本文讲介绍垃圾邮件分类,其中用到SVM算法、Logistic回归、SEA-Logistic深度网络分类。下面分别讲解这几个算法在垃圾邮件分类中的用法。
数据集为spamData.mat,训练集有3065个样本,测试集有1536个样本,每个样本的维度为57.
数据集下载地址:https://github.com/probml/pmtkdata/tree/master/spamData
一、SVM分类
二、Logistic分类
三、SEA-Logistic分类
一、SVM分类
原理我就不讲了,前面博文有,而且网上有太多了资料,还有我没有别人讲的好,不能献丑了,我现在只讲如何利用Libsvm、MATLAB自带的svm工具箱分类垃圾邮件。
1.libsvm垃圾邮件分类
libsvm库下载:http://www.csie.ntu.edu.tw/~cjlin/libsvm/
详解:http://www.matlabsky.com/thread-11925-1-1.html
下载好的libsvm,然后添加到主路径下File->set path ->add with subfolders->加入libsvm-3.11文件夹的路径。

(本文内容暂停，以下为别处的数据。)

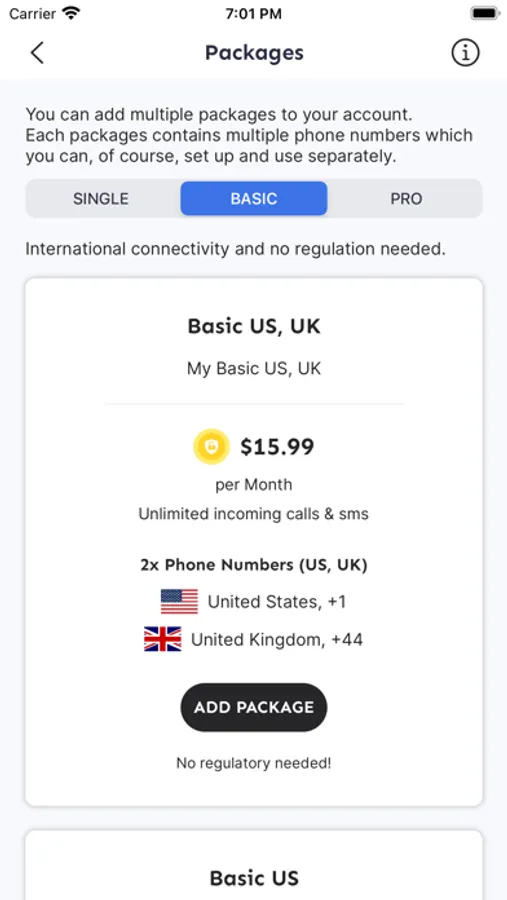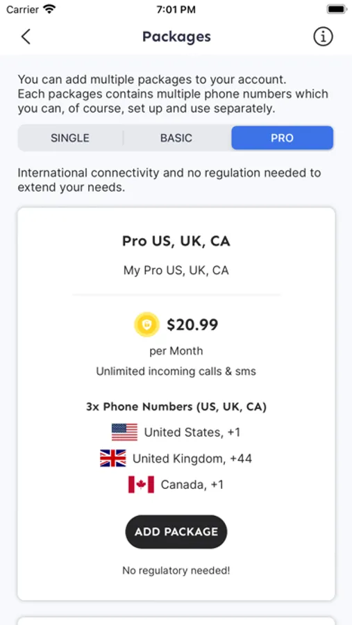 We provide International connectivity with our phone numbers. You can use second numbers around the world for register on websites and Apps, online verification, 2FA, or traveling. Discover the power of virtual second phone numbers to enhance privacy. Buy phone numbers from USA, United Kingdom or Canada and use it as your second number. These phone numbers don't have any regulatory so no need to provide a proof of your identity.
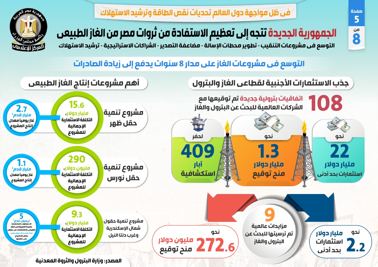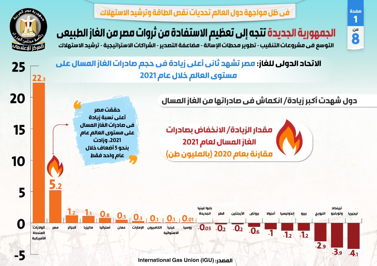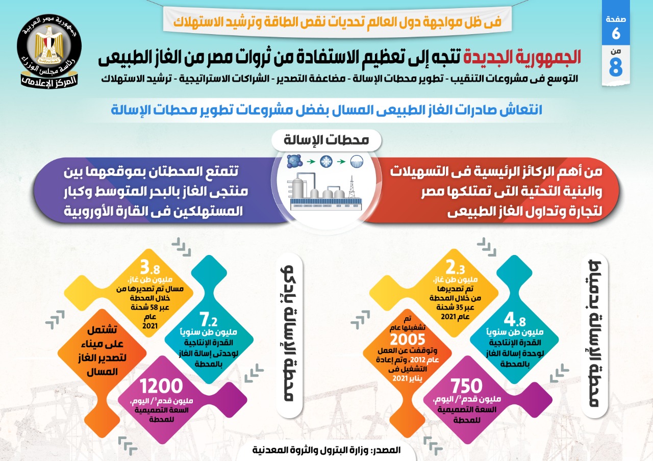 ونشر المركز الإعلامي لمجلس الوزراء تقريرًا تضمن إنفوجرافات تسلط الضوء على اتجاه الجمهورية الجديدة إلى تعظيم الاستفادة من ثروات مصر من الغاز الطبيعي، في ظل مواجهة دول العالم تحديات نقص الطاقة وترشيد الاستهلاك، والتي تشمل التوسع في مشروعات التنقيب، وتطوير محطات الإسالة، ومضاعفة التصدير، والشراكات الاستراتيجية، وترشيد الاستهلاك.

1.首先在MATLAB命令窗【Commond Window】中输入:mex -setup
2.出现 Would you like mex to locate installed compilers [y]/n? 选择y
3.Select a compiler:
[1] Microsoft Visual C++ 2010 in E:\VS2010
[0] None 选择:1
4.Are these correct [y]/n? 选择y
好了现在就可以用了
load('spamData.mat');
model = svmtrain(ytrain,Xtrain,'-t 0');
[predict_label,accuracy] = svmpredict(ytest,Xtest,model);
上面加红色标注的-t x x可以取0,1,2,3,4。系统默认为2,如果不加-t x
0)线性核函数
1)多项式核函数
2)RBF核函数
3)sigmoid核函数
4)自定义核函数
从上表可以看出,线性核函数效果最好,能够达到91.1458%。
数据要这样处理下:
ytrain(ytrain==0) = -1;
ytest(ytest==0) = -1;
2.MATLAB自带的svm工具箱分类垃圾邮件
Matlab自带了svm工具箱,现在我就介绍如何利用这个工具箱来做垃圾邮件分类。下面我先给出程序,再来解释。
load spamData
svmStruct = svmtrain(Xtrain,ytrain,'showplot',true);
classes=svmclassify(svmStruct,Xtest,'showplot',true);
nCorrect=sum(classes==ytest);
accuracy = nCorrect/length(classes);
accuracy = 100*accuracy;
accuracy = double(accuracy);
fprintf('accuracy=%s%%\n',accuracy);
运行会出现这个结果就忽略它,对结果没有什么影响。
在程序中点击右键打开svmtrain.m这个文件。在文件的dflts ={'linear',.......},我得是287行。可以改变核函数,可以选择okfuns = {'linear','quadratic', 'radial','rbf','polynomial','mlp'}; 上面dflts ={'linear',.......}可以改变。
linear是线性核。
quadratic是二次核函数。
radial是什么核?
rbf 是径向基核,通常叫做高斯核,但是Ng说跟高斯没有什么关系。
polynomial是多项式核。
mlp多层感知器核函数。
下面来看使用各个核在垃圾邮件分类中的识别率
可以看到二次核函数效果最好,能达到85.55%。
整理的数据集见资源,三种不同的预处理方式
给出Excise8.1的作业结果
logistic回归
SVM
二、Logistic分类
可以参考这篇文献:http://www.docin.com/p-160363677.html
前面的博文讲过softmax分类,可以改为Logistic回归。http://blog.csdn.net/hlx371240/article/details/40015395
这篇博文是在《最优化计算方法》这门课写的,当时用LBFGS和SD法优化参数,现在我用工具箱直接进行分类。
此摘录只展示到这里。